Dependent variable: Bodyweight

Independent:

Size - size of the subject (between). 2 levels: normal and large
Diet - diet given (between). 2 levels: normal or experimental diet.
Time - weekly bodyweight measurements (within). 12 levels: 1:12

I have a significant 3-way interaction and all 2-way interactions(p<0.05), and so I am stratifying the 3-factors to test all pairwise differences between Normal and Large Size, on each Diet, and at each week. I'm doing these specific comparisons because I'm interested in whether Size further increases the weight gain known to occur on the experimental diet. Using this approach, I have a total of 24 post-hoc comparisons.

I would like to improve power by using Hochberg's procedure rather than Holm's to adjust for multiple comparisons, but I'm unclear whether my data meet the assumption of independent or positively associated test statistics/p-values (as per Simes' test and multcomp documentation in R).
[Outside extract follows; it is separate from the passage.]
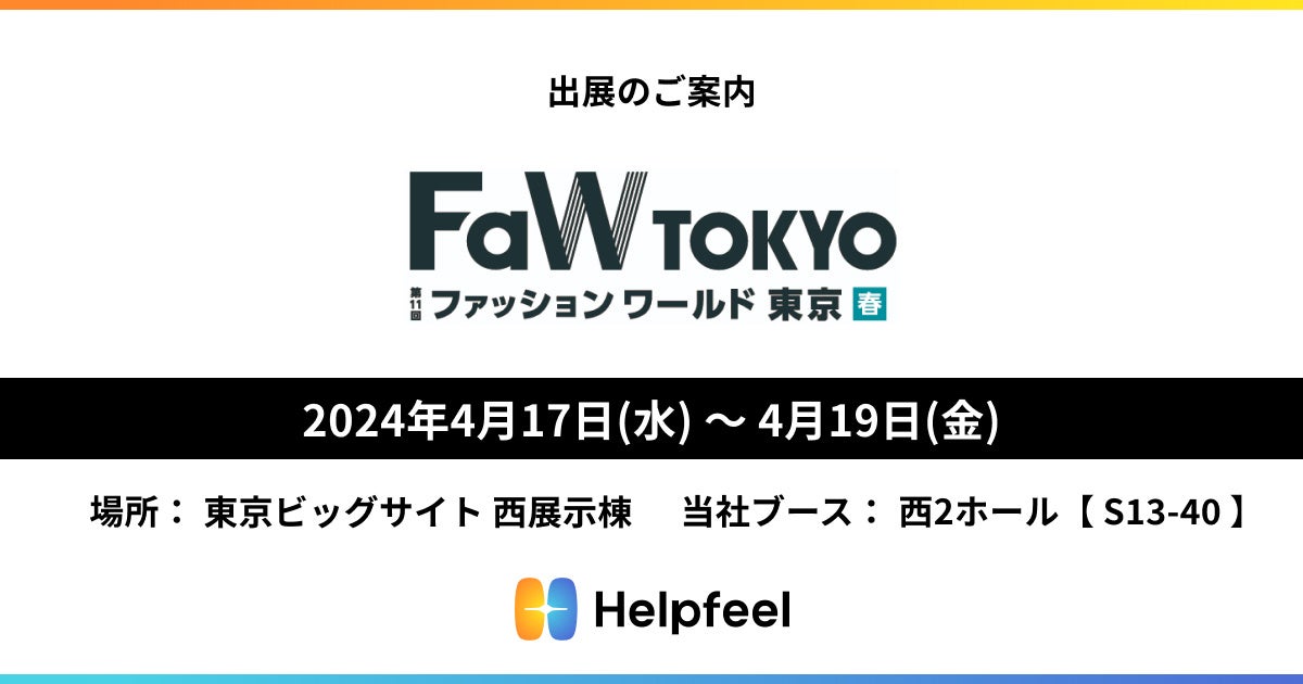 株式会社Helpfeel(京都府京都市、代表取締役/CEO:洛西 一周、以下「当社」)は、2024年4月17日(水)〜4月19日(金)に東京ビッグサイトで開催される日本最大級のファッション展示会「第11回 ファッションワールド 東京(FaW TOKYO)2024 春」に出展することをお知らせします。

I'm employing the mixed model because of the positively correlated repeated measures, so I'm tempted to conclude that the post-hoc/pairwise test statistics at each time would also be positively correlated. But I could very well be wrong.

Here are my questions:

  1. Would the pairwise test statistics/p-values of these repeated measures data meet the independence/positive assumption of Hochberg's procedure?

  2. Is there a way to test or at least calculate/extract the correlations of the test statistics/p-values to empirically validate the assumption?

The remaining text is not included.